The charging station was unveiled Monday morning near the airport’s Avflight office. It is poised to increase the airport’s versatility with hosting and supporting different kinds of aircraft.
“We’re really excited about it because it’s another option when it comes to supporting advanced aviation and aircraft,” Matt Dowell, the airport’s executive director, told The Dispatch. “Electric aircraft are in development right now (and) being certified. We like to have as much infrastructure to support aviation as possible.”
Golden Triangle Regional Airport partnered with Avflight, a fixed-base operator, and Beta Technologies, a Burlington, Vermont-based electric aerospace company, to bring in the charging station. Beta has 18 charging stations throughout the country, including a recent opening in Montgomery, Alabama. Fifty other stations are in development.
Dowell said the market for electric aircraft is still quite small, but the airport will now have the infrastructure to support them as the market grows. He said one of the factors important to the airport was to ensure the infrastructure could be used by multiple aircraft manufacturers and operators. As a result, the charging stations are not exclusive to Beta aircraft, opening them for use to other electric aircraft.
“We see that as anything that gets manufactured, we hope in the future will be able to use that same charging station infrastructure that exists at the airport now,” he said. “… If you need fuel, we’ve got it. If you’re flying electric aircraft, we have the infrastructure to support that as well.”

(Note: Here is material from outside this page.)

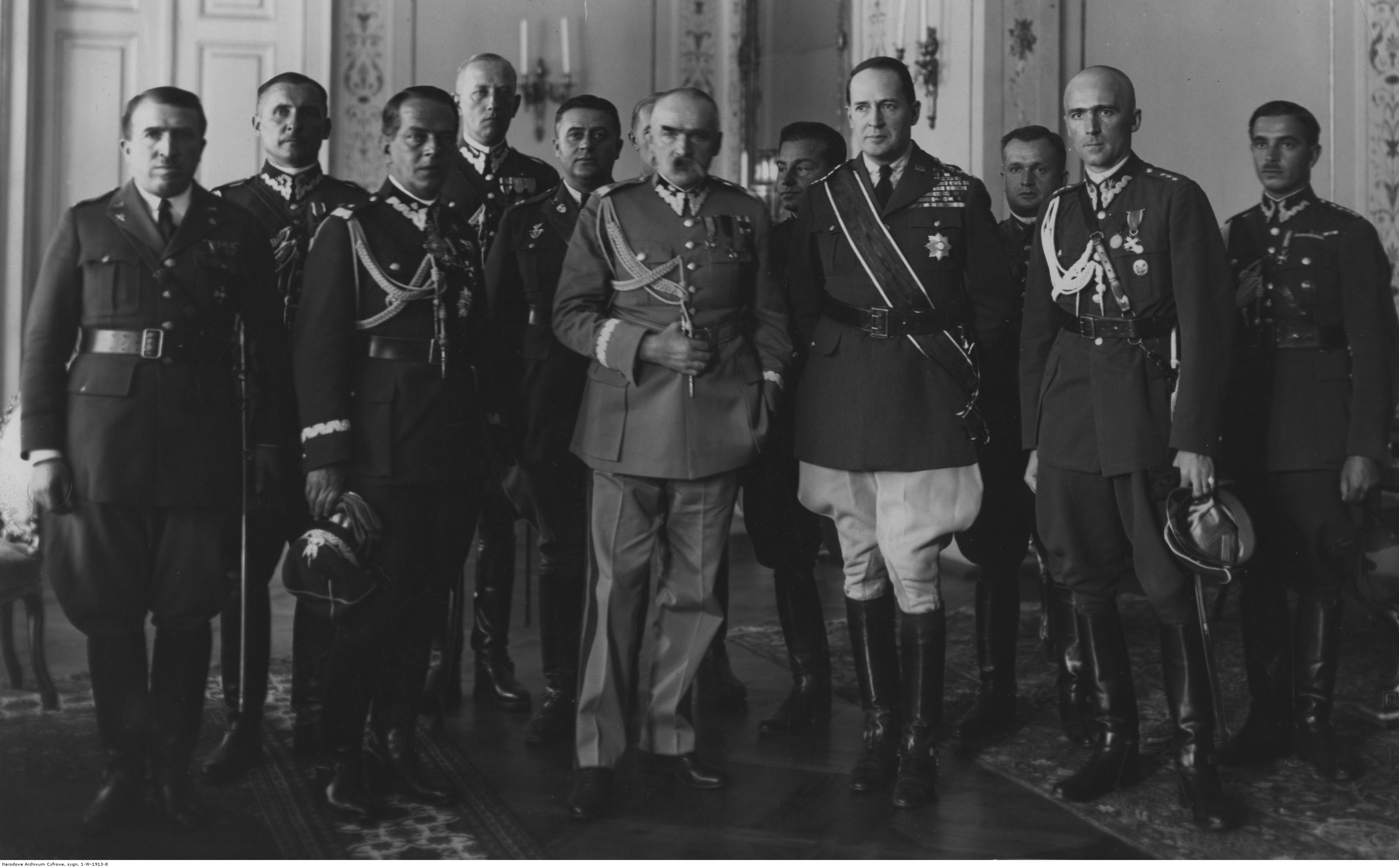 Gen. Douglas MacArthur z wizytą u marszałka Józefa Piłsudskiego w Belwederze. Widoczni od lewej: mjr William Colbern, NN, gen. Janusz Gąsiorowski, NN, adiutant kpt. George Davies, charge d'affairs Sheldon L. Crosby, marszałek Józef Piłsudski, kpt. Mieczysław Lepecki, gen. Douglas MacArthur.
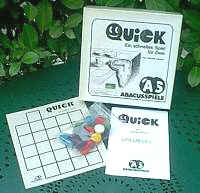 Quick est un jeu rapide, comme l'indique son nom. Un joueur dispose au hasard les jetons colorés. Son adversaire pose son pion sur un jeton, puis il fait de même. Chacun à son tour déplace ensuite son pion en enlevant celui sur lequel il était. Le but est de prendre l'autre soit en allant dessus, soit en allant sur un jeton de même couleur. Un joueur qui ne peut plus jouer a également perdu. On s'aperçoit rapidement que pratiquement tous les coups sont forcés et automatiques. En fait tout est dans le choix de la case de départ, à l'occasion duquel il faudrait anticiper tous les mouvements de l'adversaire. Ce qui fait que Quick, qui est un jeu très rapide mais hasardeux, peut devenir un jeu très lent et très pénible à jouer, si on tombe sur un partenaire qui aime réfléchir… |

The charging station includes two chargers, one inside the fence that will primarily be used for aircraft and another outside the fence primarily for electric ground vehicles. The chargers are visually similar to fuel pumps at a traditional gas station. The charger used for aircraft is a level 3 fast charger, while the charger available to the public for vehicles like cars is a level 2 charger.
Beta has a phone application for interacting with both the aircraft charger and the ground vehicle charger. Two spaces are now active for ground vehicles and can be used by anyone who needs to charge their car. All that is needed are the app and a method of payment.
Dowell said one of the important factors of the charging station was to ensure its growth potential.
One of Beta’s prototype aircraft, the ALIA CTOL (conventional take-off and landing), was parked Monday at the Avflight hangar as an example of the kind of aircraft that can use the charging station. It has a 50-foot wingspan and has a total flight capacity of 7,000 pounds. The aircraft has a top speed of 120 knots, or 138 miles per hour.
“This one only flies conventionally,” said Emma Davis, a flight test engineer with Beta. “We take off and land on a runway.”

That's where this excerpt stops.